Let's continue the thread today with a quick look at close-ups of the garments and at pictures of Beesley's works and structures.
It is indeed clear that some of the vacuum-molded 3D elements applied on tulle or wool look very similar to the fronds of Beesley's immersive installations.
Now, if you have ever rambled around these structures you were probably too mesmerised and distracted by the moving elements to actually study the exact shapes of the various elements forming them.
Yet there was an exhibition last year at the ADM Gallery at the Nanyang Technological University in Singapore that can maybe help refocusing a bit better on the single structures forming his installations.
Entitled "Living Architecture Systems", the exhibition included Beesley's research and notebook sketches while exploring themes such as Organicism and the possibility of borrowing from natural sciences to find a new architectural glossary and developing innovative designs for complex structures employing contemporary materials and digital technologies.

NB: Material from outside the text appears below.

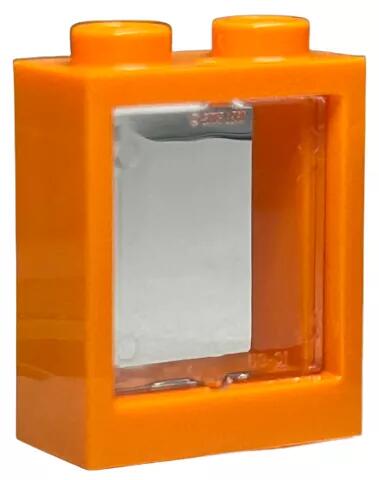 LEGO Alkatrészek 60592c01c4 - LEGO narancssárga ablakkeret 1 x 2 x 2 méretű, átlátszó üveggel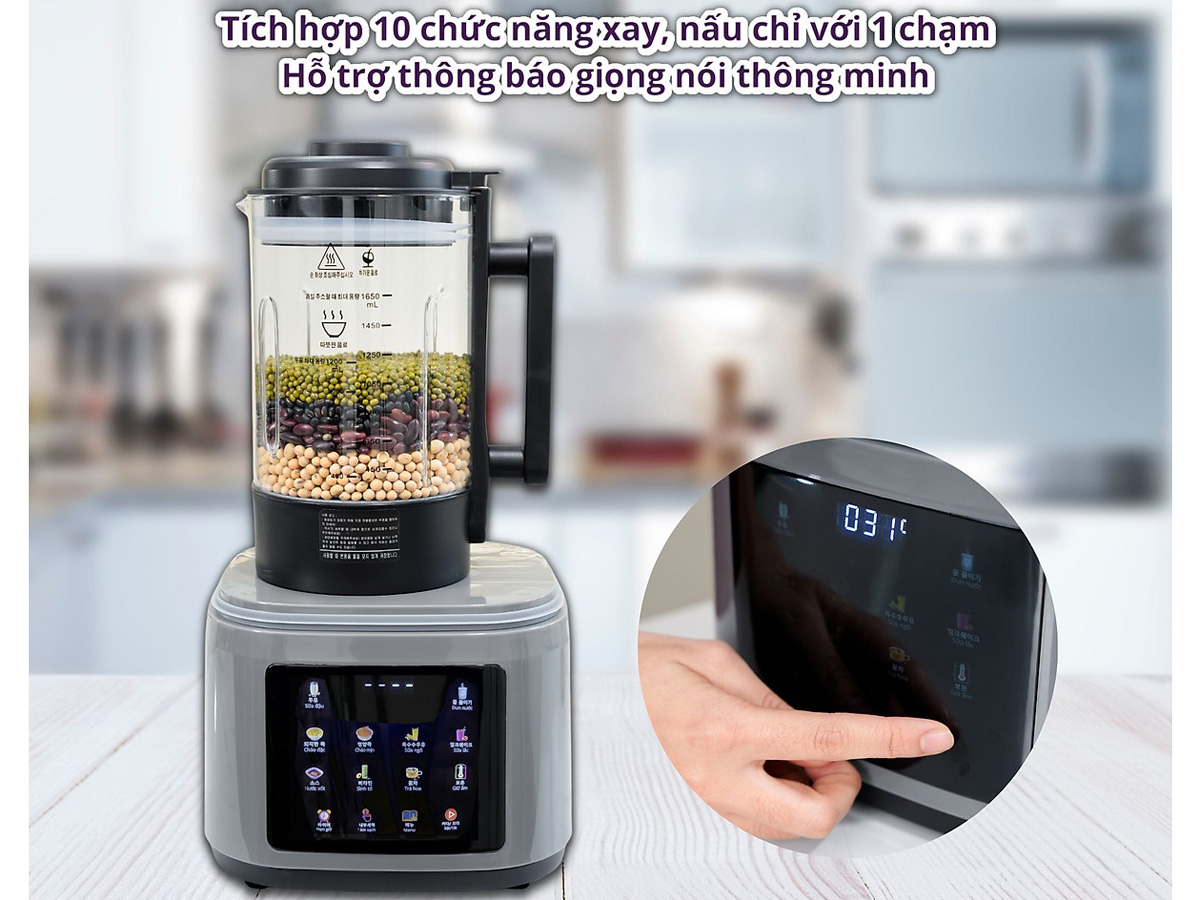 Nấu tất cả các món ăn ngon của gia đình trong cùng một chiếc máy: Sữa đậu – Đun nước – Chảo đặc- Cháo dinh dưỡng UM – Sữa ngô – Sữa lắc – Nước sốt – Sinh tố – Trà hoa – Giữ ẩm

The event included a mention of organicist buildings from the past century, highlighting how their plans were often conceived as a series of rooms shaped like the organs of an animal, each organ having its own function, each function its proper size and hierarchy to create a sense of unity.
In a way you could reinterpret some of van Herpen's designs from this organicist perspective as well: the gaps between the structures that she created for the S/S 17 collection are indeed extremely similar to the structure of a human skeleton with repetitive patterns in specific sizes that created a sense of unity while dissimulating the body's perspective, tricking and challenging the eye's perspective in an hypnotic way.